The women did not touch, maintaining a wary distance that seemed quivering with tension to Claire. She excused herself and went back to the library. By late afternoon, her back was stiff and sore, but she’d reached the W’s and the end was near. Only the bottom shelves had any books left on them. One of Burke’s most prized books was a two-volume first edition of Ben Hur, written by Lew Wallace when he was governor of the Territory of New Mexico and inscribed in gratitude to Pat Garrett, the sheriff who killed Billy the Kid. It was a copy notable more for its inscription than its literary content. In a series of letters, Wallace had pretended to befriend the Kid, but had actually betrayed him. Double-crosser, Claire thought, but that didn’t make the book less valuable. Antiquarians know that qualities that seem despicable in life are often admired after death. She wrapped Ben Hur and placed it in her special box.
When she finished the alphabet, she picked up the book that had been mis-shelved, a self-published history of the Blue by Benjamin deWitt, the rancher who left the ranch to Burke. Claire checked it against the inventory, but couldn’t find an entry for it. The history was a slim jacketless volume, a little brown bird in a collection of peacocks. She looked up to see James standing in the doorway.
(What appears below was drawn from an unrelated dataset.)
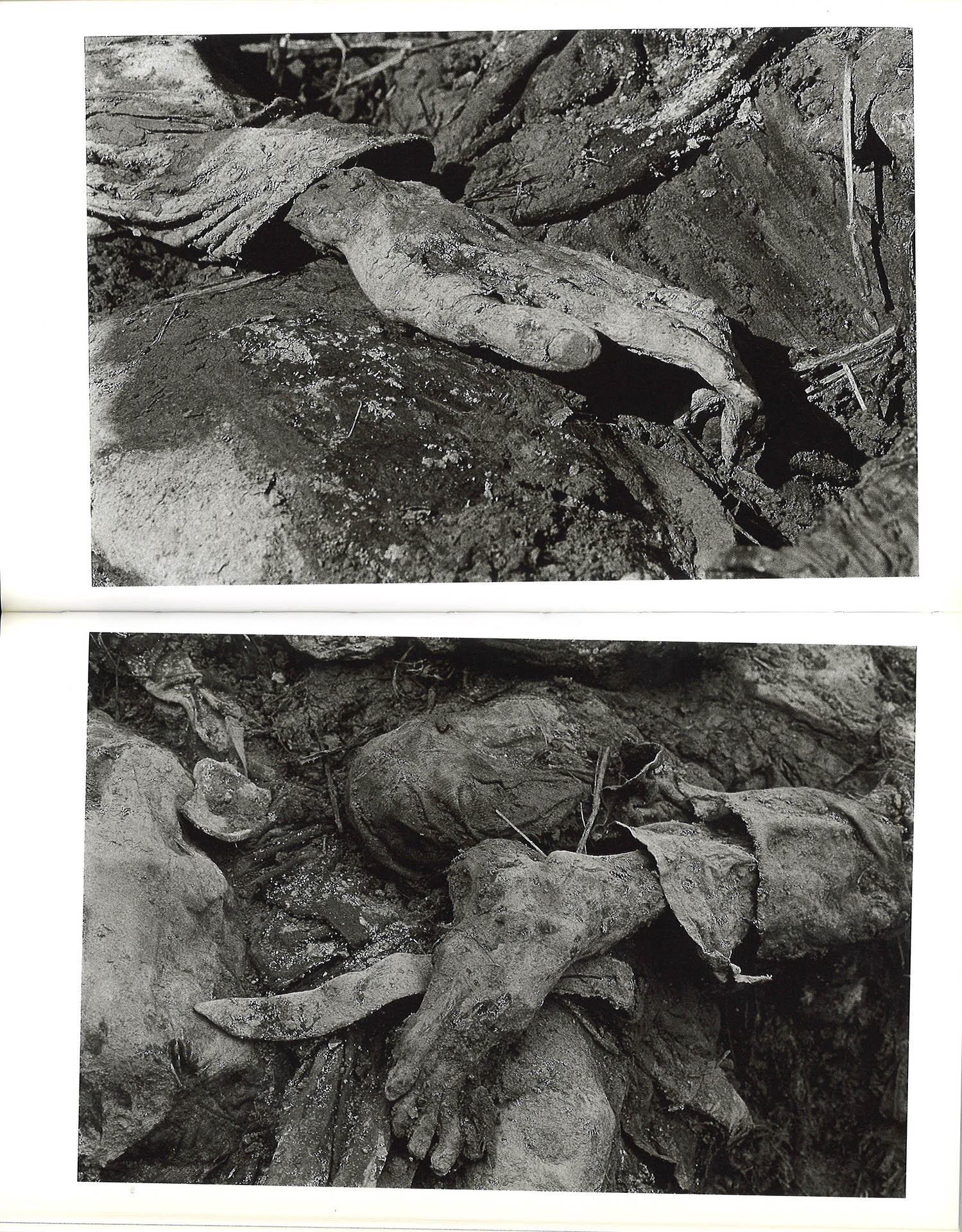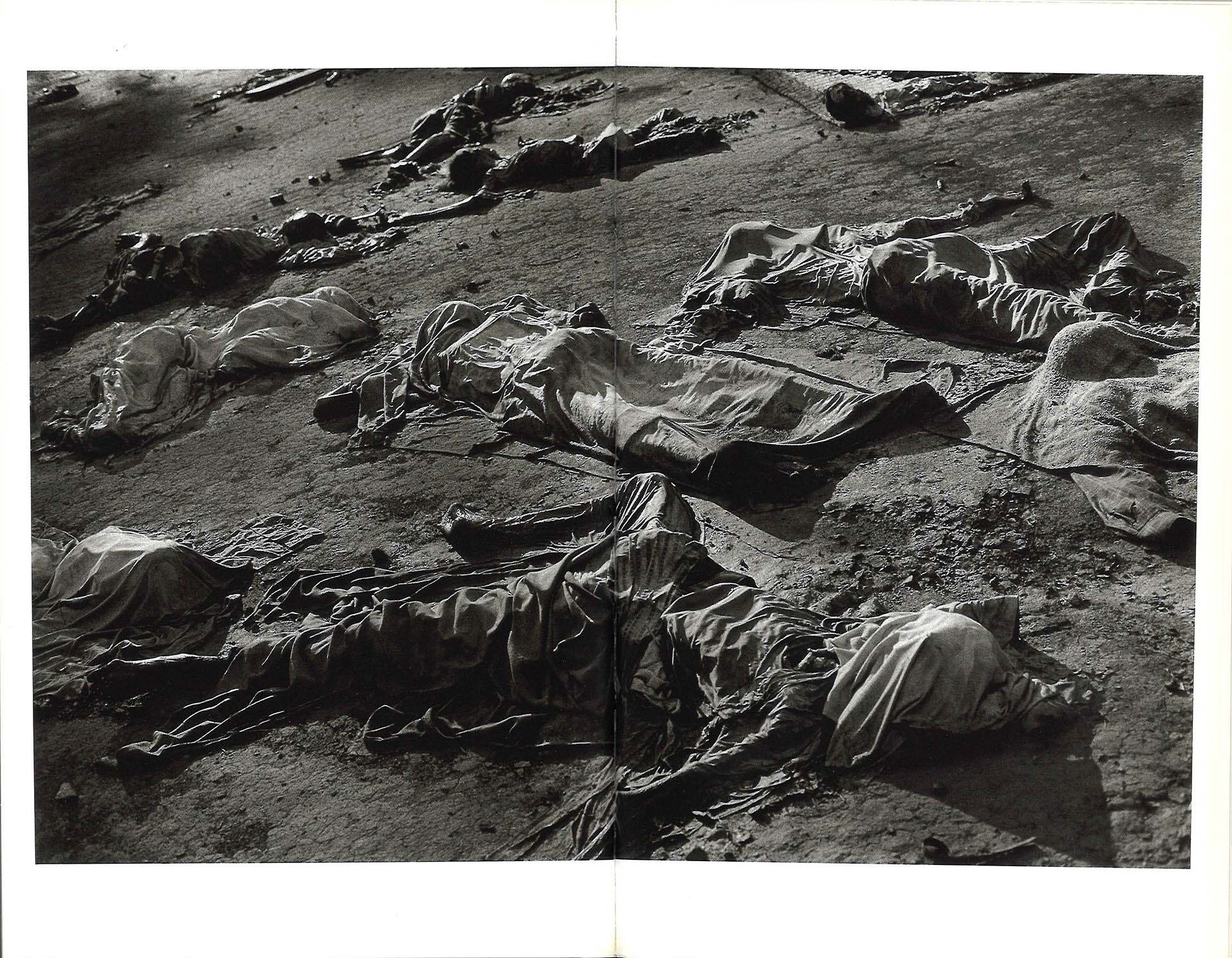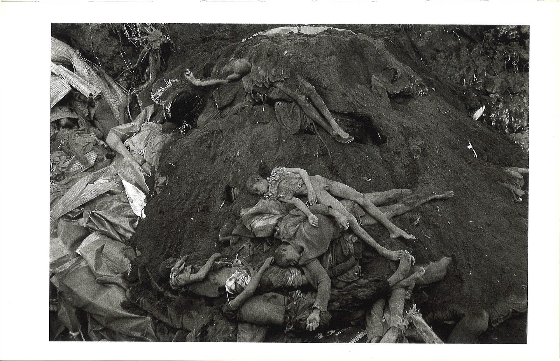 Gilles Peress n’a cessé de dire l’horreur de crimes commis au nom de la pureté de la race. Il le dit avec les moyens qui sont les siens, ceux de la photographie qui montre, sans effet, ce qui reste au long d’une route d’exil, dans un village saccagé, d’hommes et de femmes qui ont vécu, qui ont travaillé, aimé, enfanté, qui ne sont plus que des amas des chair en putréfaction, des ossements blanchis au soleil.

“It seems so empty in here without the books,” he said. As he walked across the floor, the sound of his footsteps echoed in the depleted room. He sat down and draped his arms over the side of the chair. “What do you think about the way my father died?”
“I think he would have hated dying by inches in a nursing home,” Claire replied, choosing her words carefully.
“Couldn’t he have left us a note?”
In a way he had, Claire thought. His will said what Burke wanted to say. Eventually, she would have to relay the contents of the will to his heirs, but she didn’t think that now, when their grief was so raw and new, was the moment.